10:31 - But that’s not the most insidious one. The worst is where you have partial entropy.
10:36 - It looks like it’s random, but it isn’t as random as you thought it was.
10:41 - A good example is you make a call, you get a 32-bit unsigned energy back.
10:46 - It has four bytes of random numbers. And the first call looks fine.
10:50 - You call again, it still looks okay. Then you call a third time and you get zeros and you call a fourth time and you still get zeros.
10:57 - But if you’re not looking carefully enough, you might not notice that you got a whole bunch of zeros in your calls.
11:03 - This partial entropy can be really tricky because it substantially reduces the actual randomness that you’re working for, the strength of the random number that you’re getting.
11:13 - And it might seem like this is not an issue, but this seems to happen pretty often.
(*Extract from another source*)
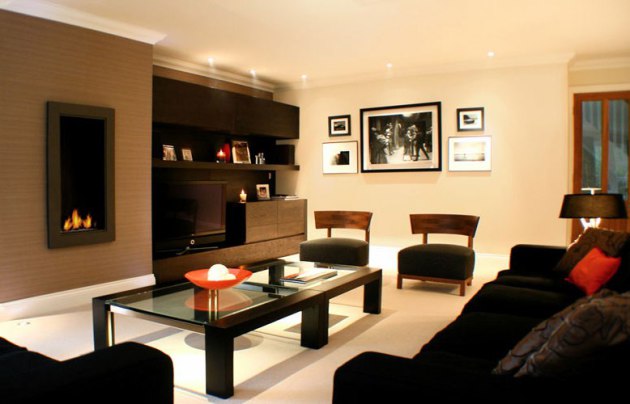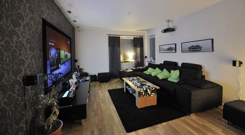 تقرر إنهاء جميع جدران غرفة المعيشة في اللون الداكن لا يمكن لكل صاحب المنزل ، ومساحة الغرفة يجب أن تسمح هذه الحريات.
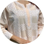 There's a whole lot of people who still want the perfect fit and are never satisfied with the standard size fits. For those people we at Nazrana Chikan offer Chikan Unstitched Kurti Material. Kurti fabrics with different embroidery designs such neck embroidery or daman embroidery.

11:21 - - So this is actually how this entire research project got started.
11:24 - We do a lot of IoT engagements at Bishop Fox under what we’d usually call a product security review.
11:29 - We like to say that if it breaks when you drop it, it’s a product security review.
11:33 - And so one time we had a client that was developing an IoT device that does a lot of cryptography in it that was kind of a security device.
11:41 - And I was reviewing the code and looked at the code, but he used a lot of a random number generation in the process of doing a lot of this cryptography and was curious about how it did random number generation on such a tiny, low power device.
11:56 - And it turns out that there was a hardware random number generator on the sock that our client was using.
12:02 - And on a Lark, I sort of asked to see like, “Hey, what is the quality of the random numbers “coming out of this thing?” I was sort of curious, I hadn’t actually seen the output of one of these hardware random number generators previously.
12:18 - And I didn’t really expect it to be bad. I was thinking that the hardware random number generator surely is the gold standard for RNG, right? And so when we got the results back, we ran it through some statistical randomness tests and it failed basically all of them.
12:34 - And then upon further inspection, looking at the actual binary files and a couple of gigabytes of output from the RNG, the large swaths of it were just zero.
12:46 - Surely I thought that this was a mistake, that this can’t have been right.
12:50 - So we then embarked on this sort of longer journey to investigate to see, was it just a single buggy chip or was it some crazy buggy code? And this entire thing kind of blew up from there.
13:02 - So you might think that encryption keys of zero are about as bad as it can get, right? Surely it can’t get worse than that.
13:08 - Well, I’d like to introduce you to Petro’s law.
13:11 - If I could have one eponymous law, one law named after myself, help me out here, DEFCON, it would be this, “It can always be worse. ” No matter how bad you think it is, it can always be worse.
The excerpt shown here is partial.